» ACTION ITEM
Give again, word for word, the lines below that run from the line with "Contoh kasus bank" through the line with "信州のお店が提供するカレーと". Drop the pictures.

» LISTED ENTRIES
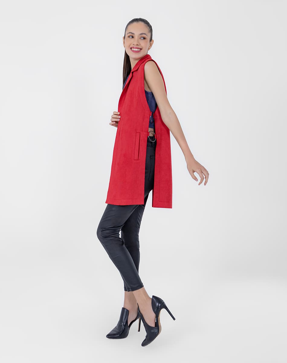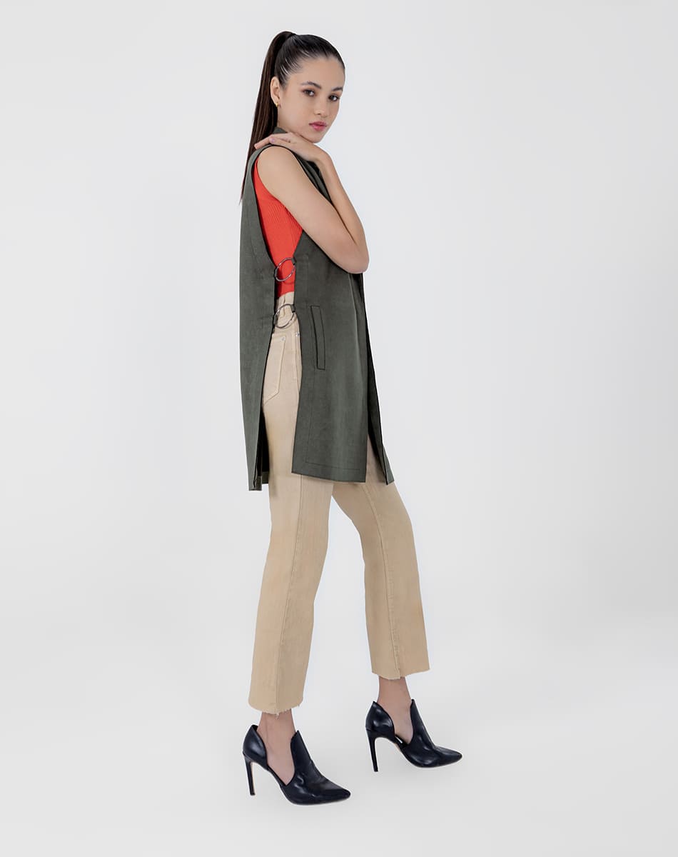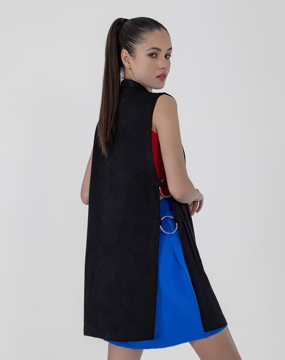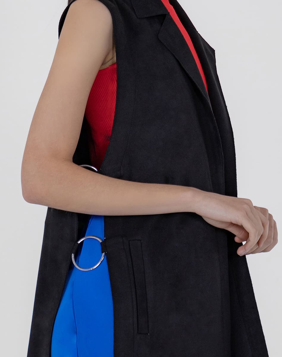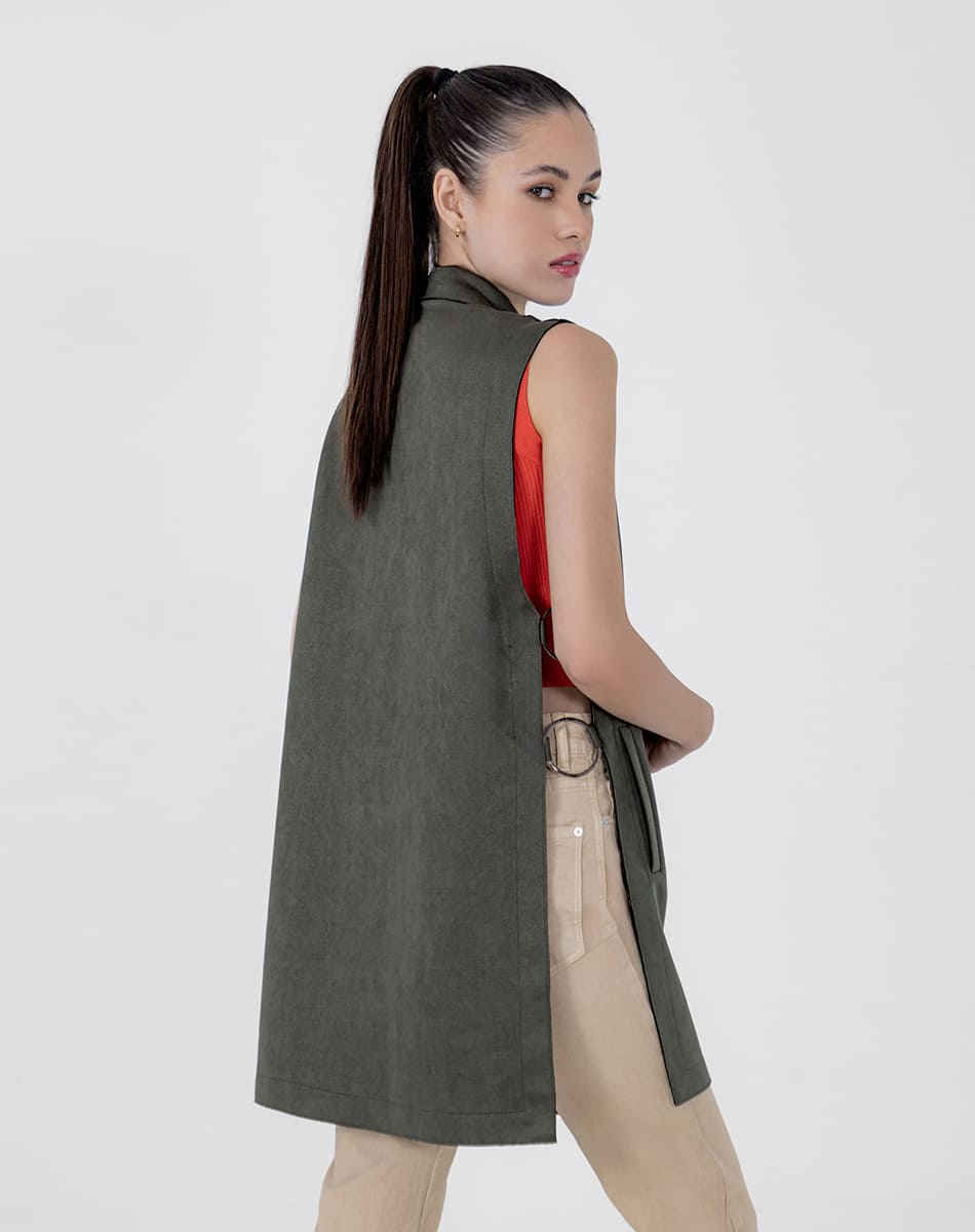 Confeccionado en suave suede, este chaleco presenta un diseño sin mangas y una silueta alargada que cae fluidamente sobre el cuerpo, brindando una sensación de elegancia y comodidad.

--

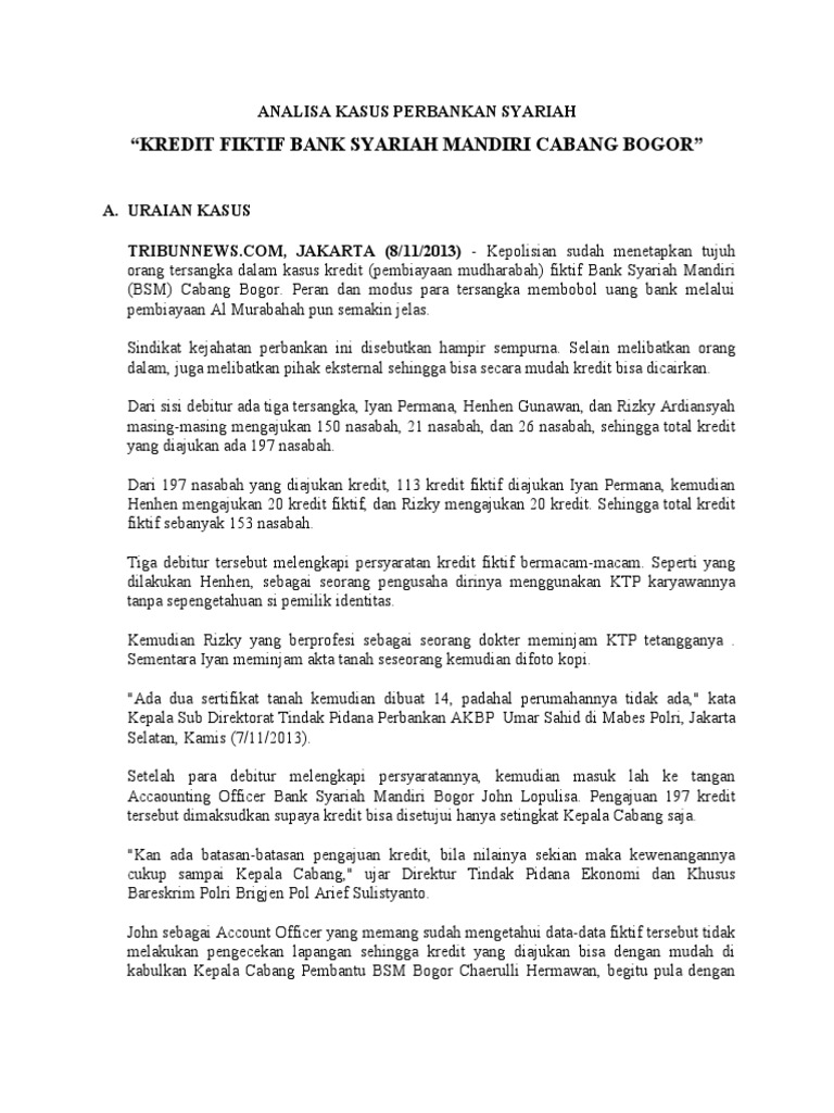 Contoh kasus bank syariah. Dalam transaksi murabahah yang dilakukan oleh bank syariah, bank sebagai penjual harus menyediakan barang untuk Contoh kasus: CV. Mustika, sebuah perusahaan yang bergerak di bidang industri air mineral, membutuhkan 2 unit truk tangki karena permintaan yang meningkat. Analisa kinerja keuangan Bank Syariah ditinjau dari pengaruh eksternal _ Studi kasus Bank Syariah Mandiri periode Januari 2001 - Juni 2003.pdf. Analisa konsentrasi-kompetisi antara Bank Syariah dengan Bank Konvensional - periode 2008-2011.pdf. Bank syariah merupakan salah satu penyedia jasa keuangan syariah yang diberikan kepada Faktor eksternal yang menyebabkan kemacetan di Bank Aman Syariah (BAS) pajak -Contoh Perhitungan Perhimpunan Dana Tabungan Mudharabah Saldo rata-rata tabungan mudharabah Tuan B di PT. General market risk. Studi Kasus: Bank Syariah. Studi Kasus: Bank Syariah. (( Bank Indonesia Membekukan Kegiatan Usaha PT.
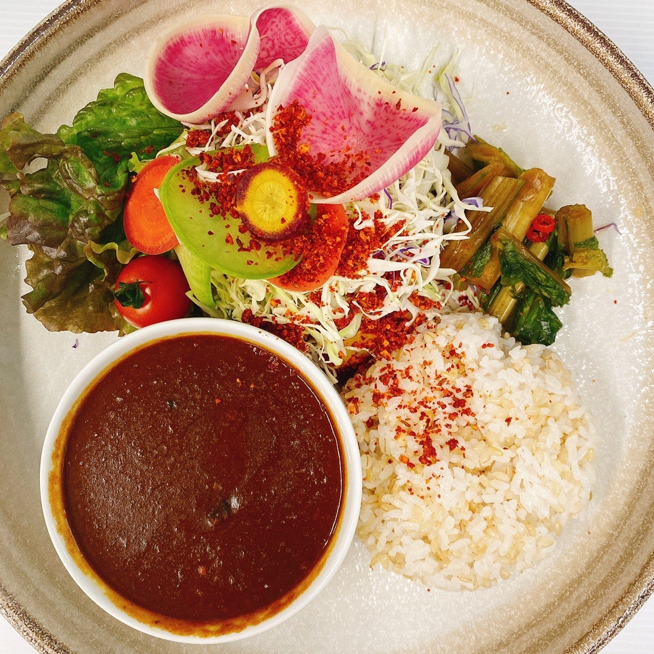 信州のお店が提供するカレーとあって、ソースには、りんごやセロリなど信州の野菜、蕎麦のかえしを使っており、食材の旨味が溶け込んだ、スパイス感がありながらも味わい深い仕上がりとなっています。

» REPLY TO THE EXERCISE
 Contoh kasus bank syariah. Dalam transaksi murabahah yang dilakukan oleh bank syariah, bank sebagai penjual harus menyediakan barang untuk Contoh kasus: CV. Mustika, sebuah perusahaan yang bergerak di bidang industri air mineral, membutuhkan 2 unit truk tangki karena permintaan yang meningkat. Analisa kinerja keuangan Bank Syariah ditinjau dari pengaruh eksternal _ Studi kasus Bank Syariah Mandiri periode Januari 2001 - Juni 2003.pdf. Analisa konsentrasi-kompetisi antara Bank Syariah dengan Bank Konvensional - periode 2008-2011.pdf. Bank syariah merupakan salah satu penyedia jasa keuangan syariah yang diberikan kepada Faktor eksternal yang menyebabkan kemacetan di Bank Aman Syariah (BAS) pajak -Contoh Perhitungan Perhimpunan Dana Tabungan Mudharabah Saldo rata-rata tabungan mudharabah Tuan B di PT. General market risk. Studi Kasus: Bank Syariah. Studi Kasus: Bank Syariah. (( Bank Indonesia Membekukan Kegiatan Usaha PT.
 信州のお店が提供するカレーとあって、ソースには、りんごやセロリなど信州の野菜、蕎麦のかえしを使っており、食材の旨味が溶け込んだ、スパイス感がありながらも味わい深い仕上がりとなっています。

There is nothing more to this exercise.